Work task
Exactly as written, output the lines below starting from the first and ending with the line that contains "Keo ong, tràm"; omit pictures.

Records excerpted from a collection
>>>

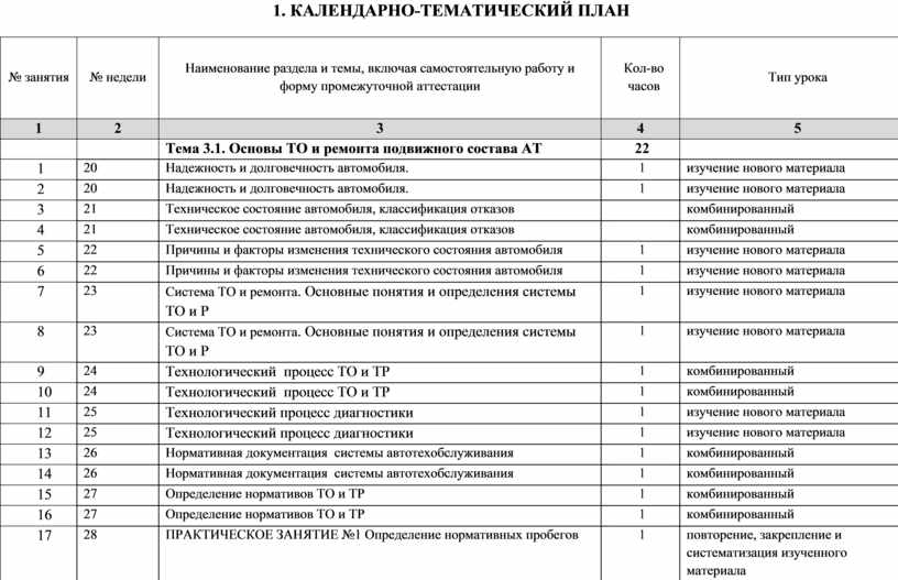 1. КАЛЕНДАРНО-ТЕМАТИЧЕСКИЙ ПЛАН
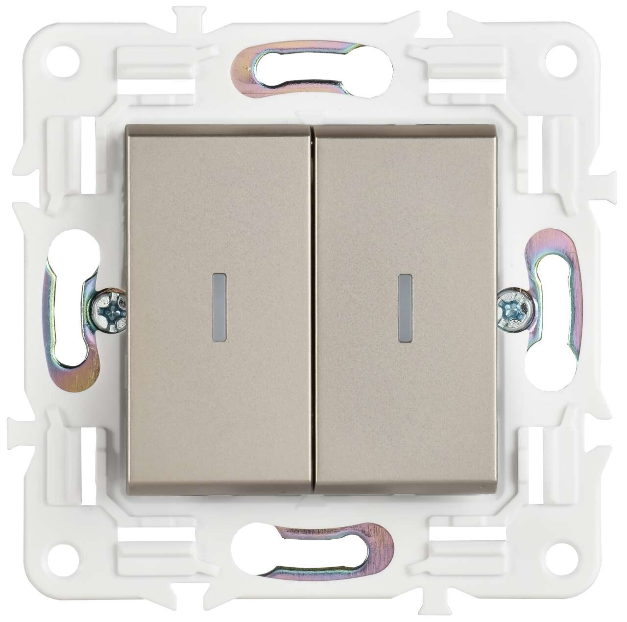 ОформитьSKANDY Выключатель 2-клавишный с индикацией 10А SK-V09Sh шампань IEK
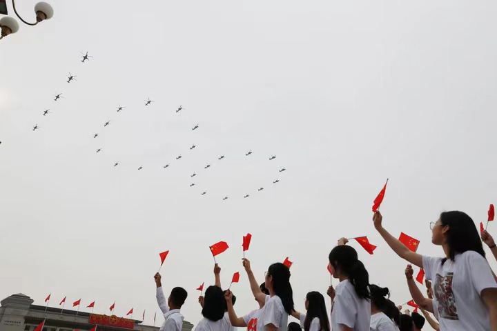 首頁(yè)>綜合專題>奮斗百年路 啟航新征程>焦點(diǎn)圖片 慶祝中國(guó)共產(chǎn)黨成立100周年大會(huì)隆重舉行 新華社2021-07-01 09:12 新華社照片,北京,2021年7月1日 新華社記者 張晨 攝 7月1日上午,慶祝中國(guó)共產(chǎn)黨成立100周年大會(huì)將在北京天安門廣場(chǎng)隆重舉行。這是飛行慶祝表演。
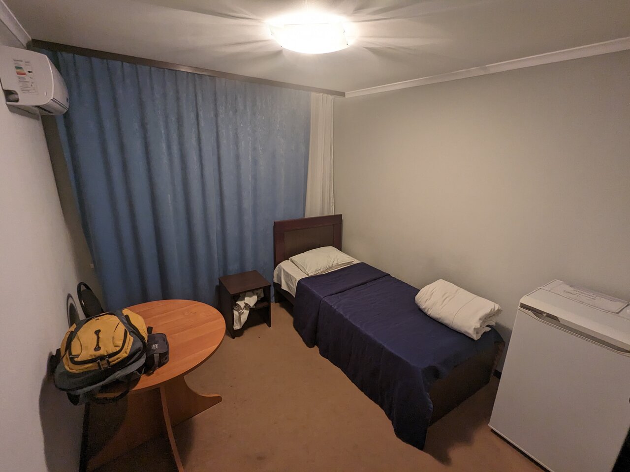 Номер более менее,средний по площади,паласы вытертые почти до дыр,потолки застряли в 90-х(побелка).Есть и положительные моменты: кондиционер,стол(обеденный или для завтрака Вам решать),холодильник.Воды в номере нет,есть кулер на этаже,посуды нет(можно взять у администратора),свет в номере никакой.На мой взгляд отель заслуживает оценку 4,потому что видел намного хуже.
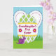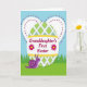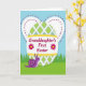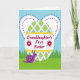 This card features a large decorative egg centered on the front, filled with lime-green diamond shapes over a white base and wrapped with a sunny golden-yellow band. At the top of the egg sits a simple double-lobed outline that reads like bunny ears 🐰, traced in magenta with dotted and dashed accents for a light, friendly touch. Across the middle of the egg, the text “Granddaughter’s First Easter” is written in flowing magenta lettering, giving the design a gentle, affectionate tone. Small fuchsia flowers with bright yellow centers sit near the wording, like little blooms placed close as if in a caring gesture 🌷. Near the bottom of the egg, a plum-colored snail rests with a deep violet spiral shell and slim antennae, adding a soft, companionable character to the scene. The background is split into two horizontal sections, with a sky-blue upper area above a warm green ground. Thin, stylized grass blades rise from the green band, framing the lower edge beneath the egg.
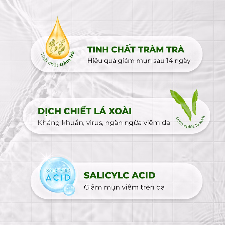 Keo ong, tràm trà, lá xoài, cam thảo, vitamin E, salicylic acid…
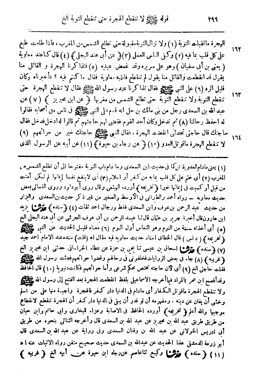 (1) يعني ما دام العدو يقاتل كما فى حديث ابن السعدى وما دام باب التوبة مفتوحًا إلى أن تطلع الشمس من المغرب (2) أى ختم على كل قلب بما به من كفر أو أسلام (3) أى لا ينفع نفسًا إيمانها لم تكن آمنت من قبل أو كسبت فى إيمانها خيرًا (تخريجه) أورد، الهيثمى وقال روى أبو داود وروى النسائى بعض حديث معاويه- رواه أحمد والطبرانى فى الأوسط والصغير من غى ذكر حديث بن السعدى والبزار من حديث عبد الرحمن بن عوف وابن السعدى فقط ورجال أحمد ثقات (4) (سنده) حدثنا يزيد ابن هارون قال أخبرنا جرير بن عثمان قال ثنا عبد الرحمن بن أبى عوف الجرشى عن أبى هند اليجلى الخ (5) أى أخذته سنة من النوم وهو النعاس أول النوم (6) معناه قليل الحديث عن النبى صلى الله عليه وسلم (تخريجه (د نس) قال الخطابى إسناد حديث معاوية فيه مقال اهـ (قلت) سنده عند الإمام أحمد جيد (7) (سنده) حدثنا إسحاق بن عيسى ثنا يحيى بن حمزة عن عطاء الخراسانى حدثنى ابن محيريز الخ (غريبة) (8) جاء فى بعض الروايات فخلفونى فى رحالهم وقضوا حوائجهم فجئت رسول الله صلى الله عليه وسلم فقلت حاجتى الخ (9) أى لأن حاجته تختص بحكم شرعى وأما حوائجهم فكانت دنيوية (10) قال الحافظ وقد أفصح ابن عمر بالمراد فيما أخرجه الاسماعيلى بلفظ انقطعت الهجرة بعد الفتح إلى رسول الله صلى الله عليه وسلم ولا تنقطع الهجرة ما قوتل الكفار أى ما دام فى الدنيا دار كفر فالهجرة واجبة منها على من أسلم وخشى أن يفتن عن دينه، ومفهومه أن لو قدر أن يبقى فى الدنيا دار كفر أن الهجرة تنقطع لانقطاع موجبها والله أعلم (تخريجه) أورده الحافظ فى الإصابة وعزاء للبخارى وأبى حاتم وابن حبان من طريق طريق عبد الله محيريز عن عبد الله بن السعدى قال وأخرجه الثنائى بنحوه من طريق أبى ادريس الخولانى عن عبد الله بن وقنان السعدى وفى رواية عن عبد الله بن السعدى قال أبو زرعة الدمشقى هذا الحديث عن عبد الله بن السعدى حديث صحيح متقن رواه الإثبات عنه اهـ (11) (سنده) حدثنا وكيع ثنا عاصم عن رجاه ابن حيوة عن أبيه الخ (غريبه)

<<<

Task response
 1. КАЛЕНДАРНО-ТЕМАТИЧЕСКИЙ ПЛАН
 ОформитьSKANDY Выключатель 2-клавишный с индикацией 10А SK-V09Sh шампань IEK
 首頁(yè)>綜合專題>奮斗百年路 啟航新征程>焦點(diǎn)圖片 慶祝中國(guó)共產(chǎn)黨成立100周年大會(huì)隆重舉行 新華社2021-07-01 09:12 新華社照片,北京,2021年7月1日 新華社記者 張晨 攝 7月1日上午,慶祝中國(guó)共產(chǎn)黨成立100周年大會(huì)將在北京天安門廣場(chǎng)隆重舉行。這是飛行慶祝表演。
 Номер более менее,средний по площади,паласы вытертые почти до дыр,потолки застряли в 90-х(побелка).Есть и положительные моменты: кондиционер,стол(обеденный или для завтрака Вам решать),холодильник.Воды в номере нет,есть кулер на этаже,посуды нет(можно взять у администратора),свет в номере никакой.На мой взгляд отель заслуживает оценку 4,потому что видел намного хуже.
 This card features a large decorative egg centered on the front, filled with lime-green diamond shapes over a white base and wrapped with a sunny golden-yellow band. At the top of the egg sits a simple double-lobed outline that reads like bunny ears 🐰, traced in magenta with dotted and dashed accents for a light, friendly touch. Across the middle of the egg, the text “Granddaughter’s First Easter” is written in flowing magenta lettering, giving the design a gentle, affectionate tone. Small fuchsia flowers with bright yellow centers sit near the wording, like little blooms placed close as if in a caring gesture 🌷. Near the bottom of the egg, a plum-colored snail rests with a deep violet spiral shell and slim antennae, adding a soft, companionable character to the scene. The background is split into two horizontal sections, with a sky-blue upper area above a warm green ground. Thin, stylized grass blades rise from the green band, framing the lower edge beneath the egg.
 Keo ong, tràm trà, lá xoài, cam thảo, vitamin E, salicylic acid…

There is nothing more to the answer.